Нащупав почву под ногами, Дауни, на тот момент самый младший писатель в «Субботним вечером в прямом эфире», начал оказывать сильное влияние на шоу. Он работал в тесной связке с Биллом Мюрреем (с которым они делили офис четыре года), Дэном Эйкройдом, Джоном Белуши, Гилдой Раднер, Джейн Куртин и Ларейн Ньюман. Последние 40 лет Дауни писал для каждой звезды, которую шоу произвело на свет, включая Мартина Шорта, Джона Ловитца, Майка Майерса, Эдди Мерфи, Криса Фарли, Норма Макдональда, Фила Хартмана, Дэну Карви, Джен Хукс, Роба Шнайдера, Адама Сэндлера, Уилла Феррелла, Билла Хедера, Эми Полер, Джулию Луис-Дрейфус, Фреда Армисена, Кенана Томпсона и десятки других. Дауни – единственная константа в шоу, которое пережило немыслимое количество изменений. На протяжении его работы он заслужил репутацию доброго терпеливого наставника для бессчетного количества молодых писателей (большинство из которых он самолично нанял), в том числе Джека Хэнди, Джоржда Мейера, Роберта Шмигеля и Конана О’Брайена. «Если всех молодых писателей кто-то и научил, как правильно создавать скетчи, – говорит Шмигель, – то это был Джим Дауни».

Дауни ответственен за самые политизированные отрывки шоу (многие из которых он написал в соавторстве с сенатором Элом Франкеном) за всю его историю, начиная с обсуждения Джимми Картера в середине 1970-х, заканчивая Бараком Обамой пять правительств спустя. За что получил от Лорна Майклза звание лучшего писателя политического юмора из ныне живущих.

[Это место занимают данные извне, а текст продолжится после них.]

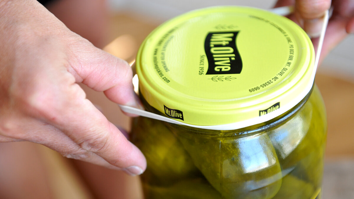Берем банку, переворачиваем, кончиком ножа проходим по кругу банки. После таких действий, она быстро откроется.

Сила политической комедии Дауни не только в его способности смешить. Невероятно впечатляет то, что его работа повлияла на расстановку реальных политических сил. В 2008 году во время прямой трансляции телевизионных дебатов, которые посмотрели миллионы зрителей, Хиллари Клинтон упомянула один из последних скетчей Дауни, чтобы проиллюстрировать свое утверждение, что, возможно, пресса относится к ее оппоненту несколько мягче, чем следует. «Просто мне это кажется интересным, – начала она, – кто-то смотрел “Субботним вечером в прямом эфире”?.. Может, нам спросить Барака, комфортно ли ему и не принести ли еще подушку?»

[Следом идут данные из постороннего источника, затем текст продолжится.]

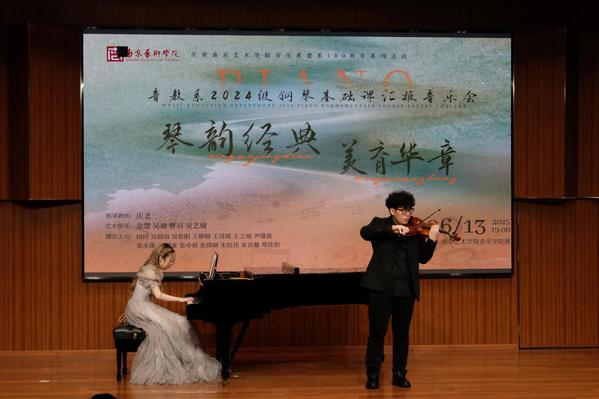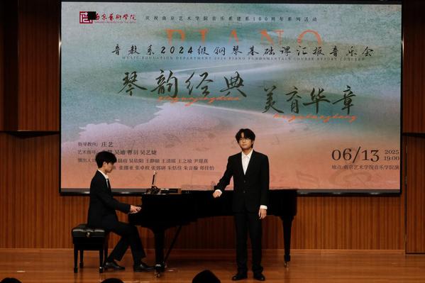 百岁泉中,天鹅舞翩迁;演奏厅内,弦歌韵悠扬。6月13日晚7时,音教系主办的“琴韵经典 美育华章”2024级钢琴基础课汇报音乐会在太阳成集团122ccvip演奏厅举行。本场音乐会由音乐教育系副教授、硕士生导师庄艺指导。音教系全体师生现场观看音乐会,校内外数百名观众线上线下共同欣赏了这场精彩演出。

В 2013-м Дауни покинул «Субботним вечером в прямом эфире», отработав 33 из 38 его сезонов, с перерывом в 1982 году, когда он на два года стал главным сценаристом на «Позднем шоу с Дэвидом Леттерманом». Теперь Дауни делит свое время между городом Нью-Йорком и сельской частью штата, где он стремится заслужить звание «безобидного чудака».

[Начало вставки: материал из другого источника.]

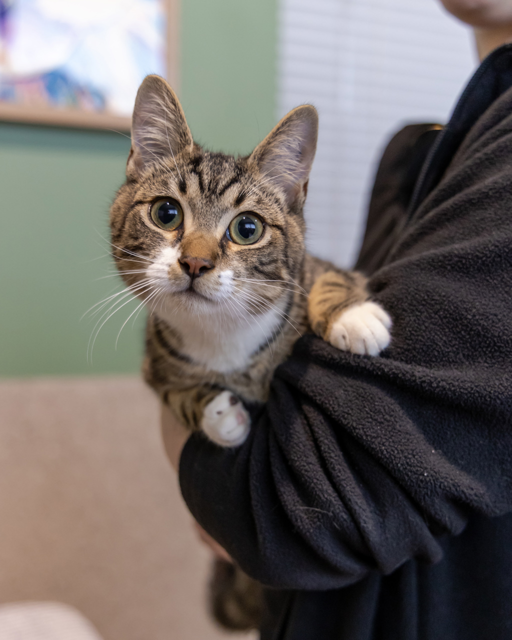 I have perfected the art of the irresistible purr. It's like my secret weapon for getting all the cuddles and chin scratches I could ever want. Life's just one big, exciting string of moments, and I'm here to make every second count - whether I'm chasing my tail or sharing some purr-fectly quiet time with my favourite humans. So, if you're up for a bundle of furry fun and a lifetime of companionship, please consider adopting me!

Есть какие-то безобидные мелочи, которые бесят вас в комедии?

В последние несколько лет меня больше всего напрягал этот ленивый вид политической комедии, который притворяется смелым, но на самом деле затрагивает только безопасные темы. Обычно вместо смеха он вызывает, как это называет мой коллега Сет Майерс, «аплодисмехты»[2]. Аплодисмехты – это громкие основательные аплодисменты, перемежающиеся парой подбадривающих криков, которые дают тебе понять, что зрители соглашаются с тобой, но то, что ты сказал, недостаточно смешно для того, чтобы и правда над этим посмеяться.

Билл Мар – смешной парень, но, похоже, аплодисмехты ему нравятся больше, чем смех. Большая часть его материала сводится к тропу «белые – отстойные тупые расисты». Похвальная провокационность, но это самый лизоблюдский вид комедии, дающий его аудитории, неуверенной в своем общественном статусе, такое приятное чувство, что есть люди поглупее их.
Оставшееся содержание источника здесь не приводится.